DATA FOR PROCESSING
§ §

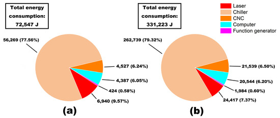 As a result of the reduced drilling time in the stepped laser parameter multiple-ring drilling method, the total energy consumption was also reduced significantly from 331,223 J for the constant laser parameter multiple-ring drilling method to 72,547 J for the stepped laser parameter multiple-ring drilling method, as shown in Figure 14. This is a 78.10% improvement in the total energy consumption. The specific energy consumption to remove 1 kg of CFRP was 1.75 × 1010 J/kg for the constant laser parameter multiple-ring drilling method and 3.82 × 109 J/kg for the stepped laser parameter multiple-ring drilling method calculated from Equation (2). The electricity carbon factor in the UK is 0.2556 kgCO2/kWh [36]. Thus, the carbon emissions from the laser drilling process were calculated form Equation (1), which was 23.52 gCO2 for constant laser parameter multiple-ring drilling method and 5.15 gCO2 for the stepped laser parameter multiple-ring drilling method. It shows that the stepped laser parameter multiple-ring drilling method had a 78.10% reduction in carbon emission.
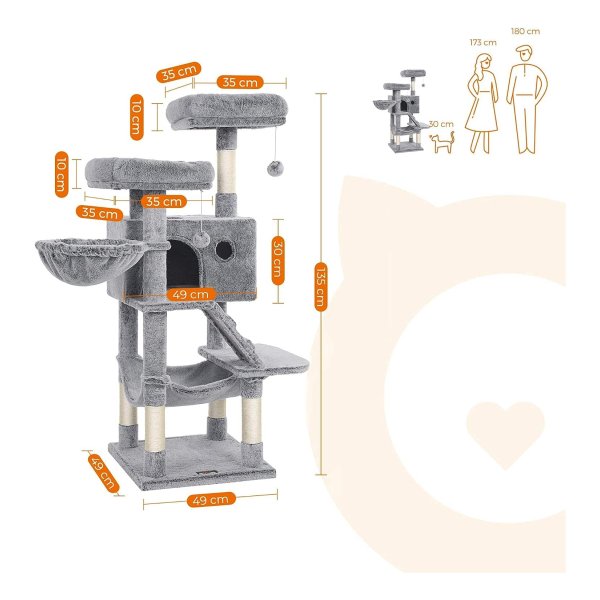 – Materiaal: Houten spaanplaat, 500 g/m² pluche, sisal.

§ §

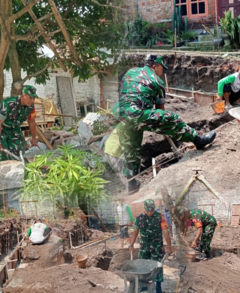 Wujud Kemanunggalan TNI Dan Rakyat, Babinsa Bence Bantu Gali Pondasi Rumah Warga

§ §

ACTIVITY
Starting with the line above that holds "As a result", restate each line word for word up to and including the line that holds "g/m² pluche, sisal.". Drop the pictures.

RESULT OF THIS TASK
 As a result of the reduced drilling time in the stepped laser parameter multiple-ring drilling method, the total energy consumption was also reduced significantly from 331,223 J for the constant laser parameter multiple-ring drilling method to 72,547 J for the stepped laser parameter multiple-ring drilling method, as shown in Figure 14. This is a 78.10% improvement in the total energy consumption. The specific energy consumption to remove 1 kg of CFRP was 1.75 × 1010 J/kg for the constant laser parameter multiple-ring drilling method and 3.82 × 109 J/kg for the stepped laser parameter multiple-ring drilling method calculated from Equation (2). The electricity carbon factor in the UK is 0.2556 kgCO2/kWh [36]. Thus, the carbon emissions from the laser drilling process were calculated form Equation (1), which was 23.52 gCO2 for constant laser parameter multiple-ring drilling method and 5.15 gCO2 for the stepped laser parameter multiple-ring drilling method. It shows that the stepped laser parameter multiple-ring drilling method had a 78.10% reduction in carbon emission.
 – Materiaal: Houten spaanplaat, 500 g/m² pluche, sisal.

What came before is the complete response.